Sin embargo, a la hora de entrar en la habitación del Mal, todos me
abandonan. Cruzo la puerta preocupada, sola ante el peligro. Estamos
los dos cara a cara: el Mal y yo, y un ventanal enorme por el que puede
verse el cielo ceniciento, casi amarillo, y la ciudad envuelta en
brumas. En su cama quirúrgica, medio incorporado, el Mal reposa
escuchando música con unos auriculares —puedo oír el sonido amortiguado
de una percusión, y una voz lejanísima, claramente femenina—. Con los
ojos cerrados, parece adormecido. Yo me acerco despacio, le quito los
auriculares. Él abre los ojos y me mira con serenidad, sin asomo de
sorpresa. Pienso: ahora o nunca. He aprendido un truco para matar
rápido. Sólo hay que introducir los dedos en la boca y apretar en un
punto determinado del paladar: no desvelaré cuál. Pero él se me
resiste. Con su boca abierta y mi mano presionando dentro, continúa
mirándome con fijeza. De su ojo izquierdo brota un halo de luz, una
especie de rayo láser que me ciega.
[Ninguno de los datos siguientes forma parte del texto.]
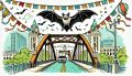 Whimsical Illustration of Bats Over Congress Avenue Bridge, Austin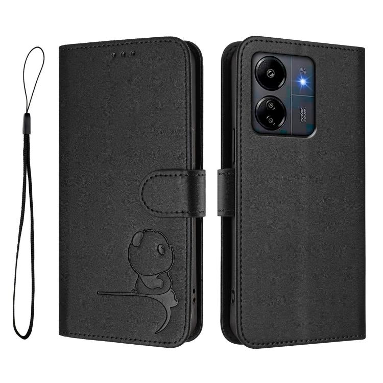 Funda de cuero con relieve RFID y cordón para Redmi 13C 4G / 5G / Poco C65 (negro)

Aparto la cabeza para que no me
dañe y sigo presionando. Creo que me desmayo.
No me doy cuenta del momento exacto en que lo mato, pero debe de haber
sucedido porque, en la siguiente escena, cuando por fin recobro la
conciencia, se lo están comiendo. No puedo ver el cuerpo porque lo han
troceado y guisado convenientemente. La carne está rebozada y todos
afirman, entre murmullos, que es muy buena. Papá, que está supervisando
el banquete, me ordena que me una a ellos. Sólo hay que pensar que es
carne de animal, nos dice, de pollo o de cerdo, por ejemplo; basta con
no recordar cuál es su origen. Insiste tanto en ello que el efecto es
justo el contrario: impide que nos olvidemos. Pero seguimos comiendo a
buen ritmo. Si no descubren el cuerpo, habrá menos posibilidades de que
nos suceda algo. Todos sabemos que el Mal también tiene sus vengadores.
En un aparte, Papá me pregunta si deseo conservar el uniforme de
recuerdo. ¿El uniforme?, pregunto estupefacta. Sí, el uniforme de
enfermera. En la tela han quedado las marcas de unas quemaduras,
probablemente ocasionadas por el láser que arrojaba el Maligno,
testimonio de una heroicidad que algún día será histórica, sentencia
él. Yo las observo con aprensión, me maravillo de que esa tela en
apariencia normal haya sido capaz de proteger mi piel. Luego pienso que
hay lesiones que dan la cara más tarde, a veces incluso años después de
haberse producido. Todos nos sentimos muy orgullosos de ti, dice Papá
estrechándome contra sí. Pero yo sólo tengo ganas de llorar.